Так это вроде в Москве.
https://www.avito.ru/moskva/muzykalnye_instrumenty/akkordeon_marinucci_italiya_47

2054407
Музыканты никакого уровня на этом играть не будут и не смогут. Трёхголосая древность, регистров почти никаких. А для "Шумел камыш" на посиделках- дороговато. И если за прошедшие со времени производства этого аккордеона 70 лет не проводилось ТО и ремонт, то даже для посиделок не годится.  Думаю, 500 рублей- нормальная цена. Накрайняк- 1000. Бухнуть в него ещё 10-15 тр, и можно играть "Тихо в лесу". Тоже дело.
В объявлении очень странная фраза :  "такой красивый инструмент ". Правда, красивый. Но не инструмент уже...


----------



## vev (6 Июн 2015)

*Kuzalogly*,

ну 70тр за него - явный перебор. Думаю, что 70 лет ему еще нет, а вот 40-вник уже стукнул. Тысячи три деревянных скорее всего он стоит, хотя повозиться с ним придется. Сам бы взял за разумную денюжку, чтобы поковыряться внутри, попрактиковаться в настройке. Плохо, что у него все три голоса в октаву. Не унисона.


----------



## Kuzalogly (6 Июн 2015)

vev/ писал:


> Думаю, что 70 лет ему еще нет,


А спорим, что есть... Облицовка- обращаем внимание, как у фашистских Хохнеров, с перфорацией. Не с отлитыми выпуклостями, а именно перфорация гнутой фанеры или только что изобретённой пластмассы. Плюс отсутствие регистров по басам, плюс при ПОЛНОМ аккордеоне- три голоса и скромно по регистрам в правой. И переключатели регистров в правой руке,- гляньте итальянцев с 1960-хх, там уже всё по- другому. Так что это 1940-е.

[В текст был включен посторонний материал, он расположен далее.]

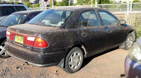 Keywords: 1998 Mazda 323 (BA Series 3) Protegé 1.6 sedan (2009-09-25).jpg 1998 w Mazda 323 BA Series 3 Protegé 1 6 sedan The hubcaps are from the 2001 “2003 Mazda 323 BJ Series 2 Photographed at Sutherland New South Wales Australia two days after the 2009 09 23 2009 Australian dust storm Sydney dust storm 2009-09-25 own OSX OSX Photographs by OSX Mazda 323 BH Black Mazda sedans 2009 Australian dust storm |
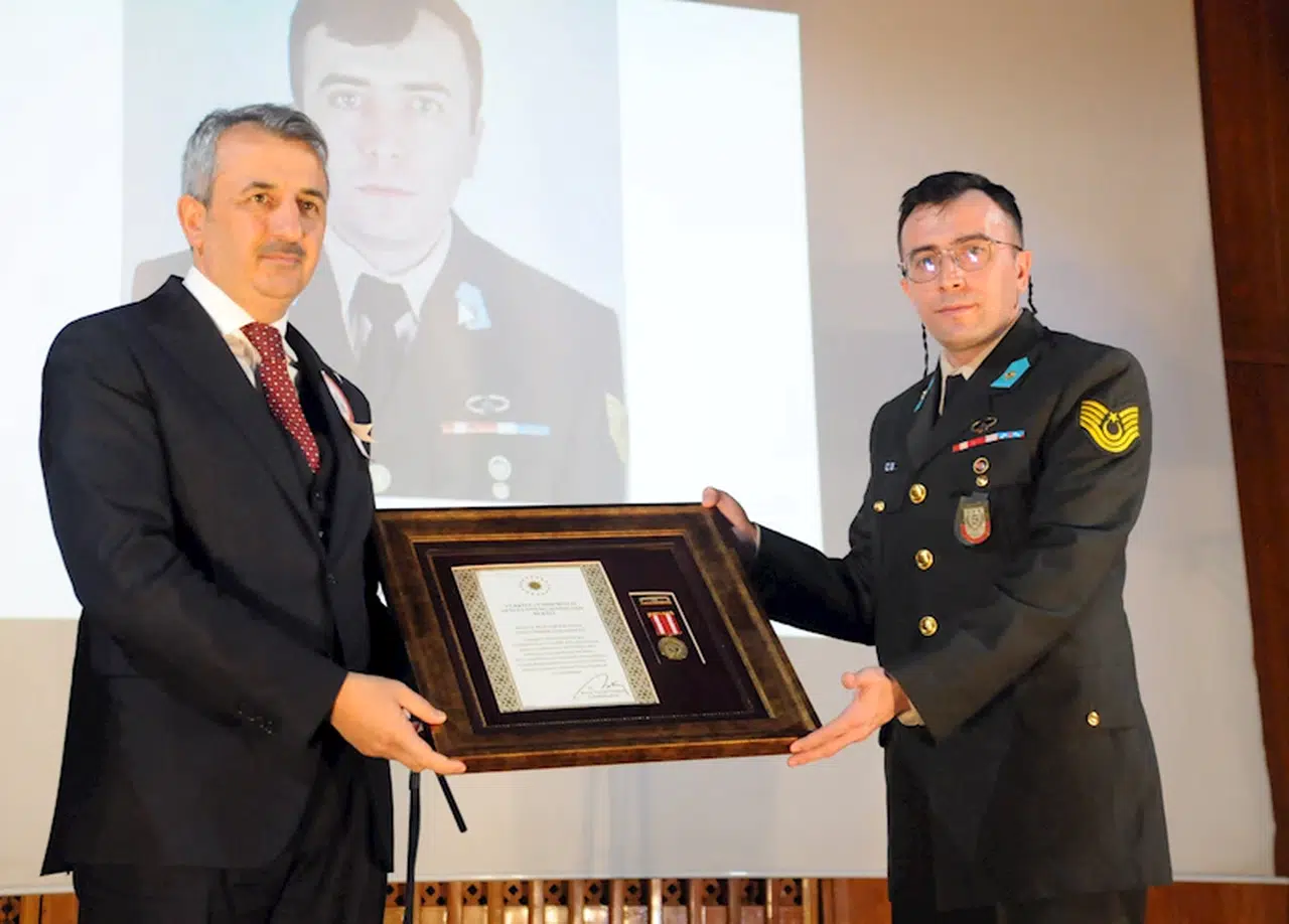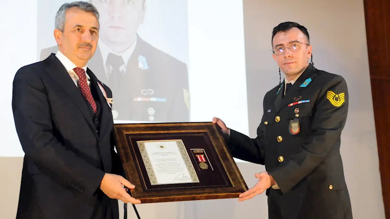 Olgay GÜLER/EDİRNE, (DHA)- EDİRNE'de, 18 Mart Şehitleri Anma Günü ve Çanakkale Deniz Zaferi'nin 110'uncu yıl dönümü nedeniyle gerçekleştirilen programda, Suriye'nin El Bab bölgesinde terör saldırısında yaralanan Astsubay Kıdemli Üstçavuş İsmail Çolakoğlu'na, 'Devlet Övünç Madalyası ve Beratı' verildi.
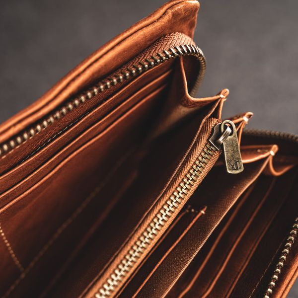 - Khóa kéo phối da chắc chắn cùng dây da ngoắc tay tiện dụng của ví dài da thật đẹp cao cấp - 789121
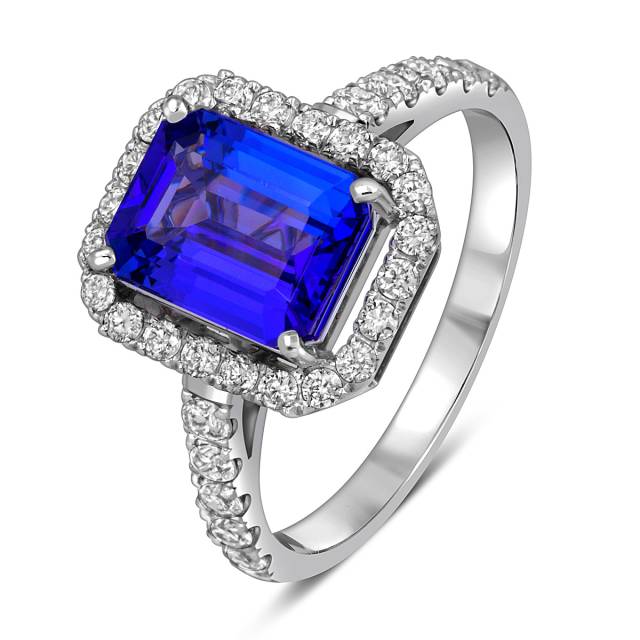 Кольцо из белого золота с бриллиантами и танзанитом (055105)

ИМХО.


----------



## lostris (6 Июн 2015)

Спасибо огромное за ваши ответы!Да,осознаю,что с ценником я погорячилась сильно,поэтому-то,собственно,и пришла сюда,дабы спросить у знающих людей.
Я не музыкант,посему,окромя того,что он красивый,ничего сказать не могу.Сбагривать абы куда тоже не хочется.С Авито звонили пару раз какие-то тёмные личности,плохо говорящие по-русски со словами:"Ну чё,давай свой баян за двушку".
Да,я из Москвы.


----------



## Kuzalogly (6 Июн 2015)

lostris писал:


> какие-то тёмные личности,плохо говорящие по-русски со словами:"Ну чё,давай свой баян за двушку


Причём "двушку" от таких личностей Вы тоже не получите. Получите молотком по голове. Осторожней там...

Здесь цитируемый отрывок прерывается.